I initially suffered from mild lower back pain since August this year. Later on, the lower back pain is gone, but it turned into left buttock, hip, back of knee, calf, and out side of my leg pain. The pain is so bad and I really struggle to stand or walk. When I read through the blogs, I feel my symptoms are somewhat different from most cases, so I want to see your opinions. I suffer very little pain on sitting, driving, lying, or bending forward, but I suffer from enormous pain on standing and walking. Tried many pain killers but none had significant effect. What is causing my pain and what I can do to walk normally again?

SPRC
Admin
Reply to  Yiping Song
2 months ago

Dear Yiping,
Without a proper examination and full medical history by a healthcare professional it is not possible to accurately diagnose the cause of your symptoms so the best thing to do to get an accurate assessment would be to go to see a healthcare professional. The symptoms you describe are common for people with sciatica symptoms due to nerve root irritation in the lower spine. The reason why standing up can be a problem is because the particular configuration of disk bulging or disk herniation is susceptible to compression in the spine while standing and then pushing against the nerve roots. In this scenario when the symptoms are acute and very debilitating some individuals benefit from off loading pressure (compression) through the spine by using a walking and standing aid for a short period of time.
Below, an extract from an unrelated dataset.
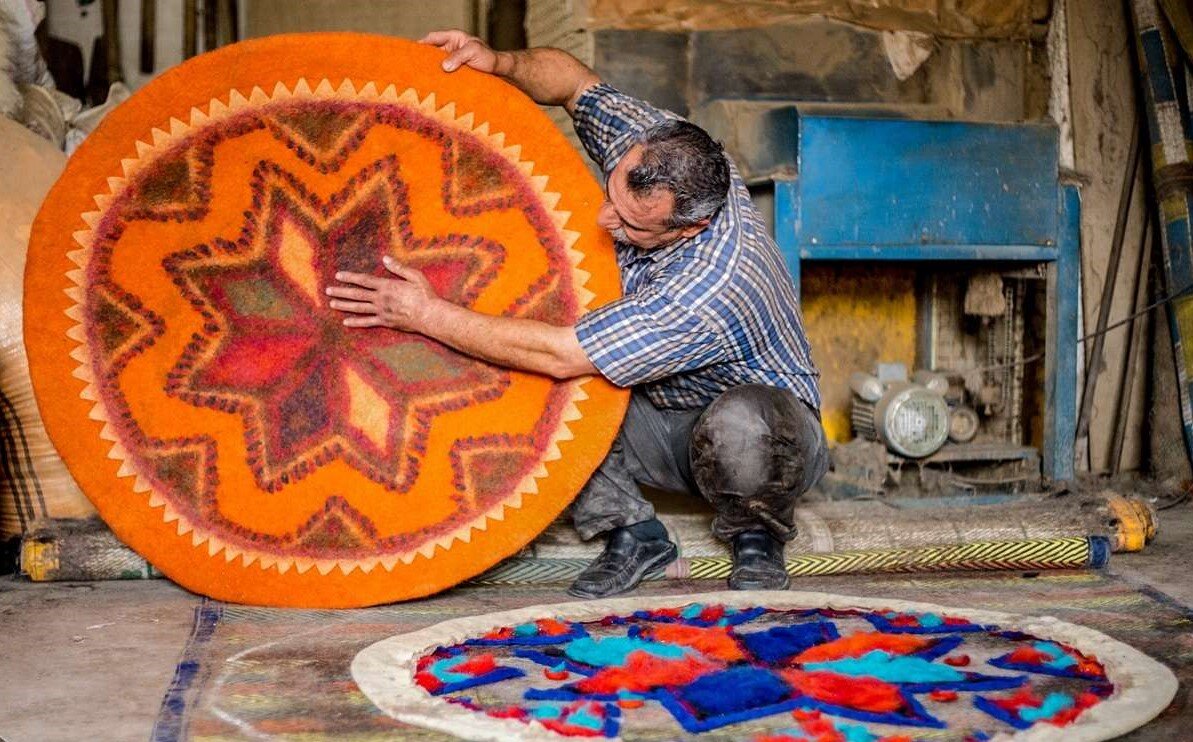او ادامه میدهد: «آن زمان در محله ما حدود ۵۰ خانه مشغول نمدمالی بودند و کارها بیشتر در خانه انجام میشد.»

Best wishes.

Vanessa
Vanessa
2 years ago

I myself suffered for a long time with sciatica and also arthritis in my knees and hips I don’t go out much so what would you recommended please any advices welcome vanessa .

SPRC
Admin
Reply to  Vanessa
2 years ago

Hi Vanessa, it is quite common to have more than one health challenge to contend with at the same time. It can feel daunting. If there was one piece of advice for you to consider it would be to get out and get some fresh air with a gentle walk. If you can only manage 5 minutes that’s fine. The key is to do a little bit everyday. Best wishes.